Cartoon by Tjeerd Royaards
Today marks the 10th anniversary of the Cartoon Movement platform. At the beginning of this year, we were planning something special to mark this occasion: a (retrospective) exhibition, perhaps a festival where we would invite a number of our cartoonists. But, unfortunately, the pandemic got in the way.
So, as we enter another lockdown here in the Netherlands, we'll have to settle for presenting this modest retrospective on our blog, highlighting one cartoon each year that was special to us in the last decade.
Although Cartoon Movement launched on December 15, 2010, the cartoonist community has been around since 2008. Some of you might remember our old website vjmovement.com, which we shared with video journalists.
The very first cartoon we published back in 2008 was this one by Marcin Bondarowicz from Poland, titled The cold wind of crisis (remember the financial crisis?):
(The first one ever published on Cartoon Movement is this one by Ukrainian cartoonist Vladimir Kazanevsky.)
These two cartoons illustrate the type of work we tend to publish. Social commentary that is purely visual and doesn't require words to communicate a powerful message.

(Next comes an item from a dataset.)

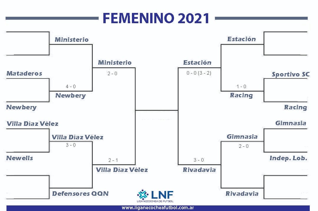 Sin escenario ni horario confirmado aun, los cruces para la siguiente fase son Ministerio ante Villa Díaz Vélez y Estación frente a Rivadavia. De estos cuatro equipos saldrán las finalistas que pugnan por el cetro de la Liga Necochea de Fútbol.

In early 2011, the Arab Spring entered our website, with hundreds a cartoons about the revolutions that swept the Arab nations, many from cartoonists living in these countries themselves. One of the most special cartoons to us is the one below by Sherif Arafa. It is the first time in his career he could draw Egypt's leader Mubarak, forced to step down the day before, without fear of being arrested:
In 2012, most of the cartoons we published had to do with the ongoing financial and economic crisis. People were hit hard, and unemployment rose sharply, as illustrated in this cartoon by Joseba Morales:
Over the years, we have done many projects on more timeless themes, such as justice, peace and the consequences of war. These are universal themes that define the human condition, and cartoonists have developed a universal visual language to deal with them. One image that we remember from 2013 is this harrowing image by Sunnerberg Constantin:
This cartoon by Rodrigo De Matos is special, because gender equality is a topic that is often drawn about, but rarely in quite such an elegant and simple way as in this cartoon. In fact, this cartoon is almost always included when we give trainings and workshops, to explain what cartoonists do (comment on injustices in society), how they do it (using visual language), and why it has such an impact (it can be understood in 3 seconds or less):
2015 was marked by what happened on January 15 of that year. The attack on Charlie Hebdo has become a grim milestone in the profession, reminding all cartoonists what the cost of making satire can be. This cartoon by Gatis Sluka conveys a sentiment that many cartoonist felt in the aftermath of the attack, a feeling we hope persists until this day. You might cut us down, but we will come back in force:
Two subjects come to mind when we think about 2016: Brexit and the election of Donald Trump. Our favorite cartoon from this year is about Brexit, and was made by Ukrainian artist Aexander Dubovsky. It's a deceptively simple image that works on a number of levels, and it's a perfect summary of the feeling in Europe after the Brexit vote and part of a BBC slideshow with a number of our Brexit cartoons, made shortly after the referendum.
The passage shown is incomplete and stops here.